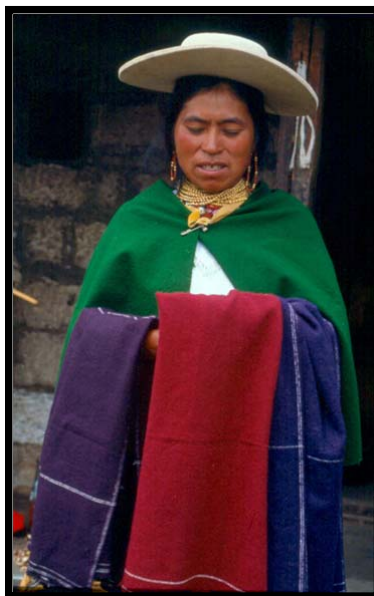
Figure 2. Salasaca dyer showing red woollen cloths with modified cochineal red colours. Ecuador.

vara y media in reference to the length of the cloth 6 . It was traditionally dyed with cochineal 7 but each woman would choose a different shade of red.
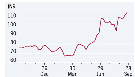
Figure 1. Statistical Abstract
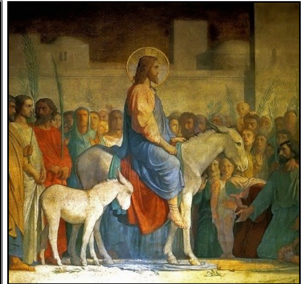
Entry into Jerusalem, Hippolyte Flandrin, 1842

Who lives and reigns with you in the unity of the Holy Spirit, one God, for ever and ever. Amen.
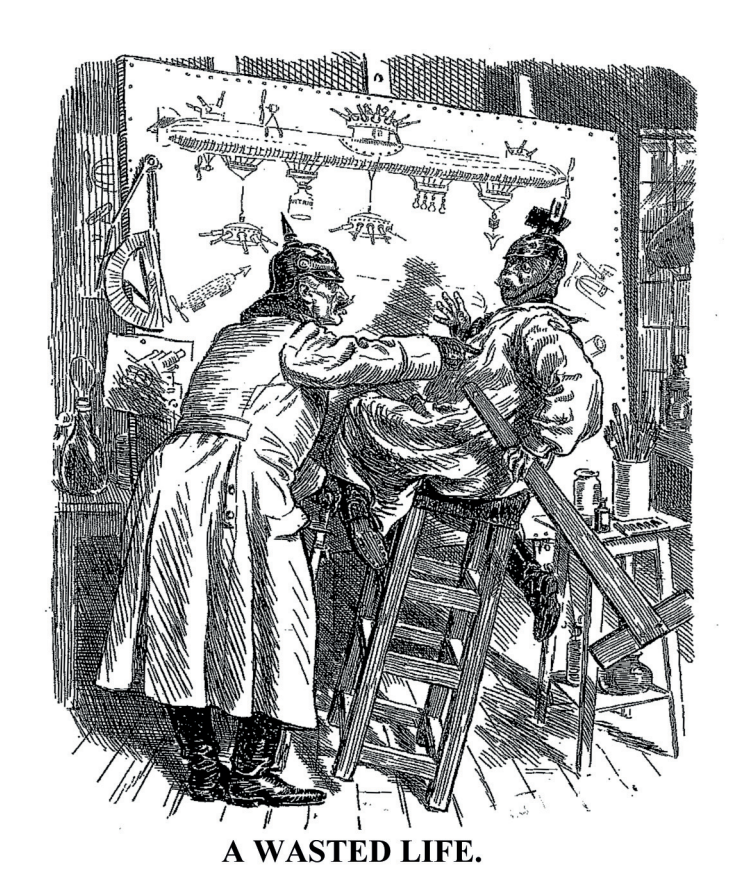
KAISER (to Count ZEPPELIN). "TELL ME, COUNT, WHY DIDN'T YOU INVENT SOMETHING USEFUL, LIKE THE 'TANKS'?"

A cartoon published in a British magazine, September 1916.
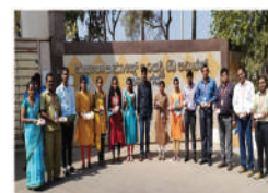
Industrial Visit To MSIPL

* * *

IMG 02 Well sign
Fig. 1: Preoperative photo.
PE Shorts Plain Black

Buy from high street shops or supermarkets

Exercise directions:
When copying from the data above, begin at the line containing "vara y media" and end at the line containing "Industrial Visit To MSIPL"; return those lines exactly and leave all pictures behind.

Result of this task:
vara y media in reference to the length of the cloth 6 . It was traditionally dyed with cochineal 7 but each woman would choose a different shade of red.
Figure 1. Statistical Abstract
Entry into Jerusalem, Hippolyte Flandrin, 1842

Who lives and reigns with you in the unity of the Holy Spirit, one God, for ever and ever. Amen.
KAISER (to Count ZEPPELIN). "TELL ME, COUNT, WHY DIDN'T YOU INVENT SOMETHING USEFUL, LIKE THE 'TANKS'?"

A cartoon published in a British magazine, September 1916.
Industrial Visit To MSIPL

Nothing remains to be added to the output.